I got this error too, for me it appeared on admin/content/types/[type] and the following page after I submitted the form.

I tracked it down to the function user_access(), and further on to comment_form_alter(), where this line (545 in HEAD) breaks user_access() by passing it a FALSE in the second argument:

This is because user_load() returns FALSE if it doesn't find a user with uid '0', which is strange, because user 0 should always be there. When I looked at my users table in the DB, I was even more confused - the anonymous user had been given a uid of '3'!

It so happened that I had exported the DB tables from my development server onto my public server, and in the .sql file I had used, the auto_increment counter was specified, and it was '3'. So when MySQL parsed the file and tried to INSERT the anonymous user with uid '0', it parsed the value as a NULL and automatically gave it a new number using auto_increment.

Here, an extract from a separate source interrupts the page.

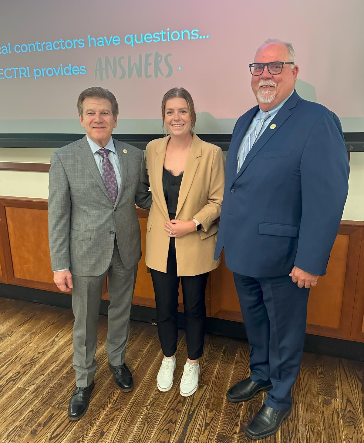 May 14, 2025 | | The Electrical Contractors’ Association of City of Chicago (ECA) held is May Regular Membership Meeting on Wednesday, May 14, 2025 at Gibsons Steakhouse in Oak Brook, IL. The luncheon event featured industry updates and a guest presentation from Anna (Trapane) Jochim, Director of Future Workforce Development, ELECTRI International. | | Chapter Member Legislative Activity | | The Electrical Contractors’ Association of City of Chicago ECA) / Chicago & Cook County Chapter, NECA would like to thank Kendra Dinkins, ECA Vice President, Taylor Electric Company (leftside of photo), for meeting with Congresswoman Robin Kelly, Illinois 2nd Congressional District (rightside of photo) on Monday, May 12, 2025. Ms. Dinkins was able to dovetail a meeting with Congresswoman Kelly following a City Club of Chicago meeting at Maggiano’s Banquets in downtown Chicago where the Congresswoman was the featured presenter. Topics carried over from the recent NECA Legislative Conference were discussed. These issues aimed at optimizing the business climate for electrical contractors included: Supporting a Reconciliation Package, Securing Prosperity Through Tax Reform, Greenlighting Growth with Permitting Reform, and Investing in Our Nation’s Infrastructure. Thank you, Kendra! Also, the ECA Legislative Committee encourages members to reach out to their elected officials and discuss small business concerns / issues vital to the electrical contracting industry. Let the ECA know if you need assistance coordinating a session or you wish to report on a meeting you’ve had. | |

This is a likely situation for those who develop their websites locally before uploading to a shared host, using export-import for transfer their database. I don't know the implications of not having an anonymous user other than these PHP warnings, but it can't be that good..

I don't know how we can fix this, as it really has to do with how MySQL interprets values. Turning off the unsigned switch on users.uid and setting anonymous' uid to '-1' will do it, don't know about any side effects though.. Turning off auto_increment doesn't seem like a good idea. Only warning users about this in the handbooks doesn't feel right either, I think a lot of people will experience this if it's not fixed. Maybe add some code to check if uid '0' exists, and add a new anonymous user if it's missing, preferably late instantiation-style. Could this be done in user_access()?

MySQL version where this occured was 5.0.51.

The anonymous uid should really be NULL. This would also help with db indexing.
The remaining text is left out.